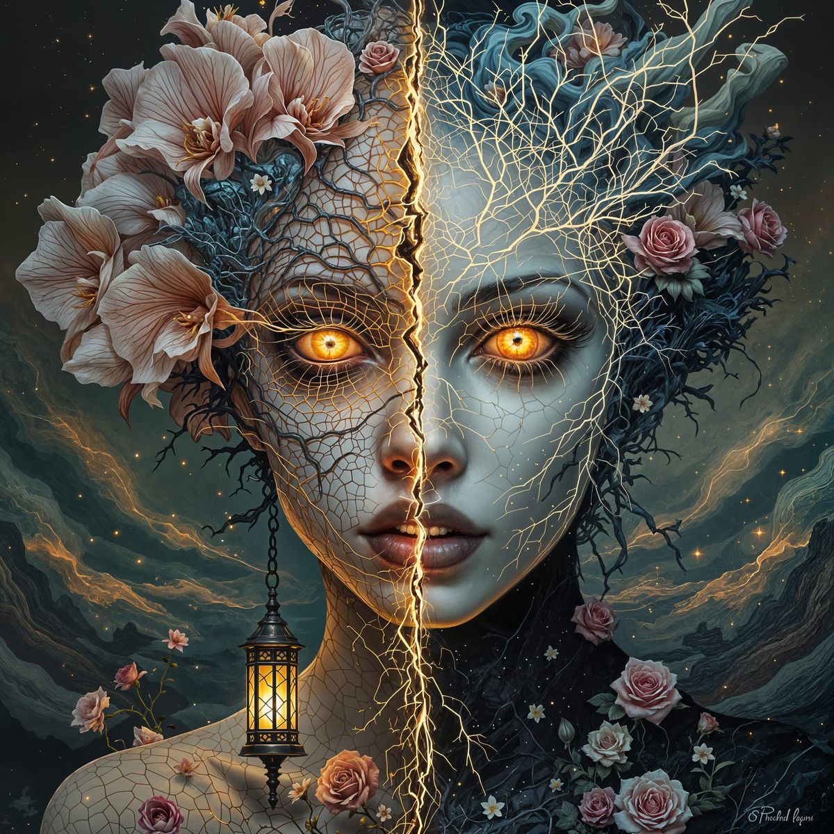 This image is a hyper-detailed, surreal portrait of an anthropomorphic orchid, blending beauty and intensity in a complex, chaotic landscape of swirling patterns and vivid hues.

--

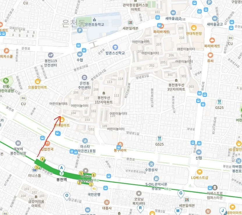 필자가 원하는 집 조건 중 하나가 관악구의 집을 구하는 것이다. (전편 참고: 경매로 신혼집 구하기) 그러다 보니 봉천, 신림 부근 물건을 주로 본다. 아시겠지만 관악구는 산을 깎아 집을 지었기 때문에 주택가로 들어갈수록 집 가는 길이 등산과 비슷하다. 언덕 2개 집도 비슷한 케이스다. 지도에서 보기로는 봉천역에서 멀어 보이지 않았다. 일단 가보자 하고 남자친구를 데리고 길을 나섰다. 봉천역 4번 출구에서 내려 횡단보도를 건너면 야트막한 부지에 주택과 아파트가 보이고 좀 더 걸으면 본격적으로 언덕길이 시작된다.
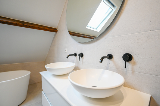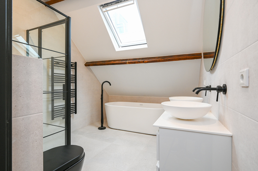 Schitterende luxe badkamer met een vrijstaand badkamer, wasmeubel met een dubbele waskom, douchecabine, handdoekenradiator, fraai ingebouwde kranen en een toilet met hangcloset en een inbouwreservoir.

--

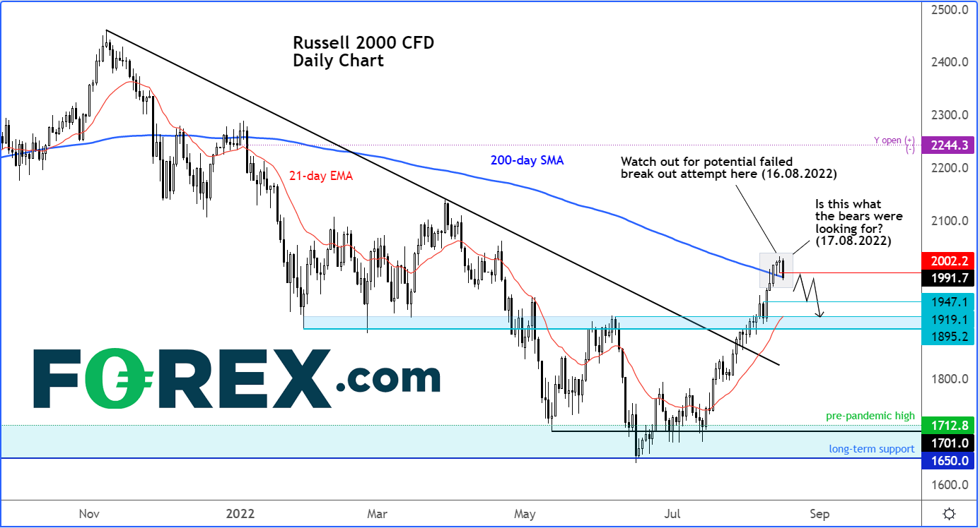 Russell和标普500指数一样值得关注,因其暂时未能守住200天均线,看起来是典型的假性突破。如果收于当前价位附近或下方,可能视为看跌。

• **EXERCISE INSTRUCTIONS**
Word for word, repeat the lines above from the one with "필자가 원하는 집 조건" through the one with "Schitterende luxe badkamer", and nothing beyond them. Omit the pictures.

• **EXPECTED ANSWER**
 필자가 원하는 집 조건 중 하나가 관악구의 집을 구하는 것이다. (전편 참고: 경매로 신혼집 구하기) 그러다 보니 봉천, 신림 부근 물건을 주로 본다. 아시겠지만 관악구는 산을 깎아 집을 지었기 때문에 주택가로 들어갈수록 집 가는 길이 등산과 비슷하다. 언덕 2개 집도 비슷한 케이스다. 지도에서 보기로는 봉천역에서 멀어 보이지 않았다. 일단 가보자 하고 남자친구를 데리고 길을 나섰다. 봉천역 4번 출구에서 내려 횡단보도를 건너면 야트막한 부지에 주택과 아파트가 보이고 좀 더 걸으면 본격적으로 언덕길이 시작된다.
 Schitterende luxe badkamer met een vrijstaand badkamer, wasmeubel met een dubbele waskom, douchecabine, handdoekenradiator, fraai ingebouwde kranen en een toilet met hangcloset en een inbouwreservoir.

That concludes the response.